• RECORDED DATA
■ ■ ■ ■ ■

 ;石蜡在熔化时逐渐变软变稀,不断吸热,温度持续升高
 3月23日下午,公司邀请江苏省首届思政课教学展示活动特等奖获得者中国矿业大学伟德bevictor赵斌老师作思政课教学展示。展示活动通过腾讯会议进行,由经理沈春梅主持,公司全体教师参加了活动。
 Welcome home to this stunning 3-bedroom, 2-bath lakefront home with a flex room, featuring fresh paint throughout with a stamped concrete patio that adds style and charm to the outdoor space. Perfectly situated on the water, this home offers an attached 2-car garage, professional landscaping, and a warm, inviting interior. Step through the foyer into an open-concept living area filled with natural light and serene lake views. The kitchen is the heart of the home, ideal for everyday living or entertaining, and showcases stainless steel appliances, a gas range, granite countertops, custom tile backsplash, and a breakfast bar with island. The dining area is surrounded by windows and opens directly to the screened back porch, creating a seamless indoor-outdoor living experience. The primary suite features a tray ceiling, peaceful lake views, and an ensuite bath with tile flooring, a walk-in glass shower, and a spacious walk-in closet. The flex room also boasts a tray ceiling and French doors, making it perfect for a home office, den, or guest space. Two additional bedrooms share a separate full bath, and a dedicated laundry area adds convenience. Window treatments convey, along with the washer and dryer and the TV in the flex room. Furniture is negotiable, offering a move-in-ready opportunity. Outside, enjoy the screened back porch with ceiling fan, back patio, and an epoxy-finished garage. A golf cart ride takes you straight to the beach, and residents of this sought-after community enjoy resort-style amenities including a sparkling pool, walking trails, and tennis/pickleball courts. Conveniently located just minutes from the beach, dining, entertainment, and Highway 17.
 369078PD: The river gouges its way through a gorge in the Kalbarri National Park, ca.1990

■ ■ ■ ■ ■

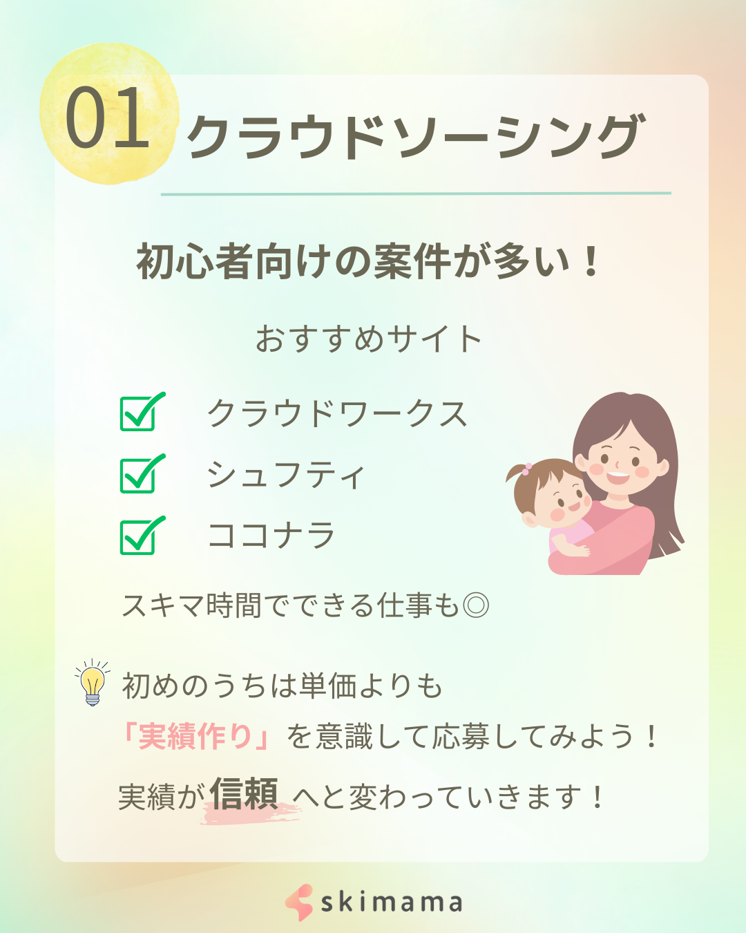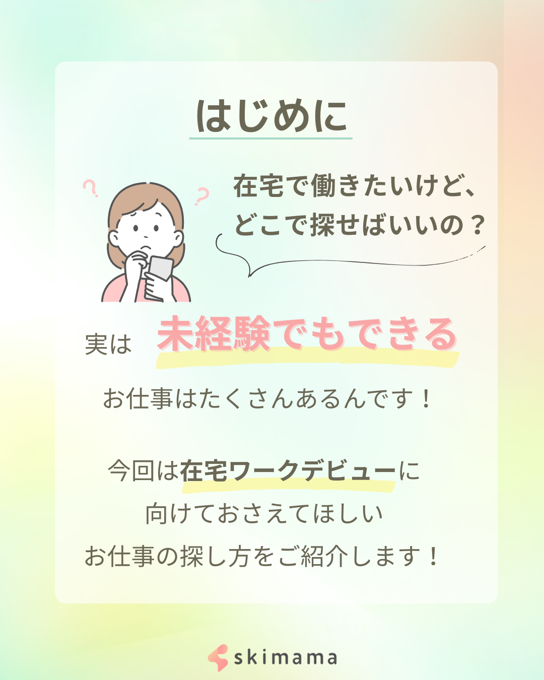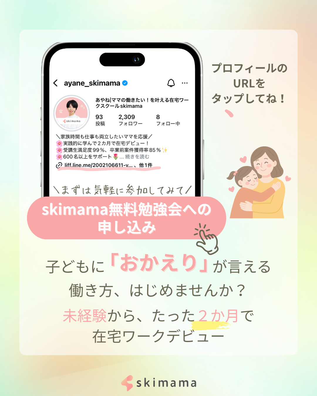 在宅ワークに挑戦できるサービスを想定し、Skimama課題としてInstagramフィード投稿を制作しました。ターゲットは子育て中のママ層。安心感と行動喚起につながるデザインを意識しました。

■ ■ ■ ■ ■

• WHAT IS BEING ASKED
Give only the number of lines in the records that include the word "through".

• SOLUTION TO THIS PROBLEM
2